If I haven’t been clear in the past about this, each major class I take features 3 to 15 different lecturers presenting the material at hand. Although there is one course director managing everything, SGU manages to recruit lectures to come here to teach part of a course for the “expenses” incurred. Basically these visiting professors get put up in a very nice hotel or at the very nice SGU university club, work for 23 or 4 hours a day, and then enjoy the Caribbean

So for the last two weeks and the next week we have this incredibly nice physio professor named Dr. Perrsonwho is Swedish, who teaches in Germany, who edits a very very important physio journal and who is one of the best, I mean THE BEST, lecturers who I have ever had the pleasure of being in class with. Plus he is just an incredibly nice guy. He was wandering around campus center the other day and I invited him to sit with me and a couple of other class mates. He told Molly what her (last) means in German (It means something like “paralegal” I think).

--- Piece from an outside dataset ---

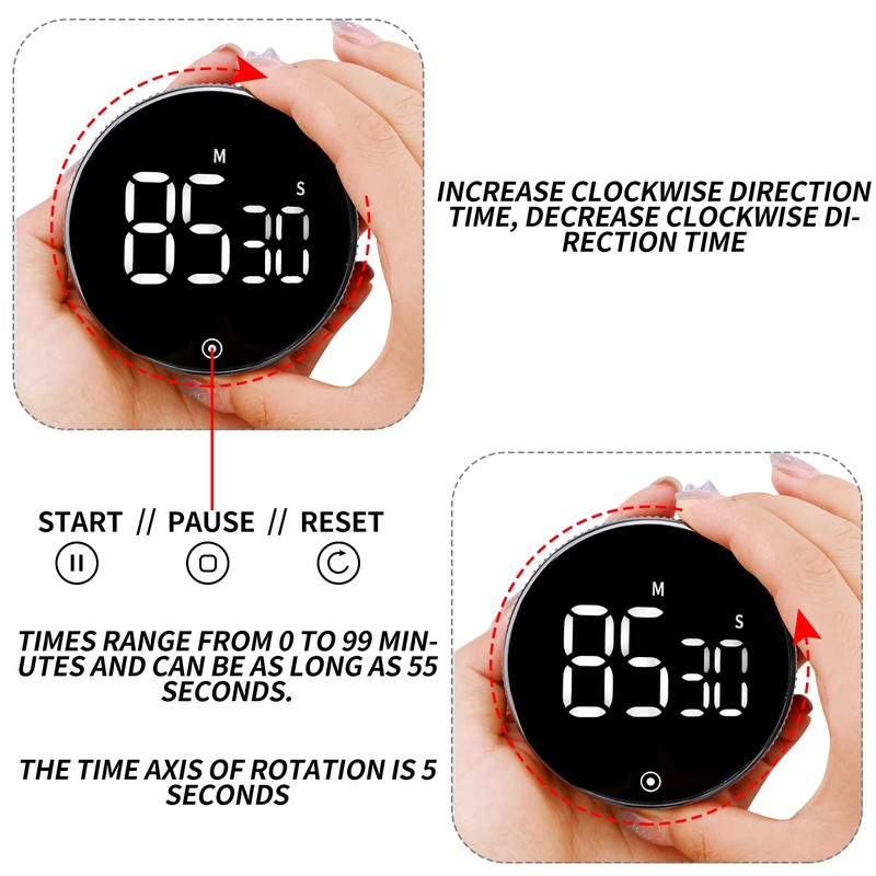 - Magnetic Timer: This magnetic timer for kitchen has powerful magnets on the back and can be placed directly on any iron surface, such as classroom whiteboard, students tablet, iron wall, fridge, sports gym etc.

His father taught physics at cal tech in Pasadena for a while so he speaks English with a good California accent, but his conjugations are all German. He was explaining the “plumbing” of the heart and the physics behind how the heart fills with blood and moves it around the body. He was speaking about the diameter of blood vessels and how a tube with a small diameter was more difficult to pump fluid through than a tube with a larger diameter. He used the analogy of drinking a milkshake wrote down this sentence in my notes: “If I have a narrow straw it is very difficult to get up my milkshake.”
I will now, and for the rest of my life, think about “getting up my milkshake” every time I need to think about or explaining the narrowing of an artery or vein.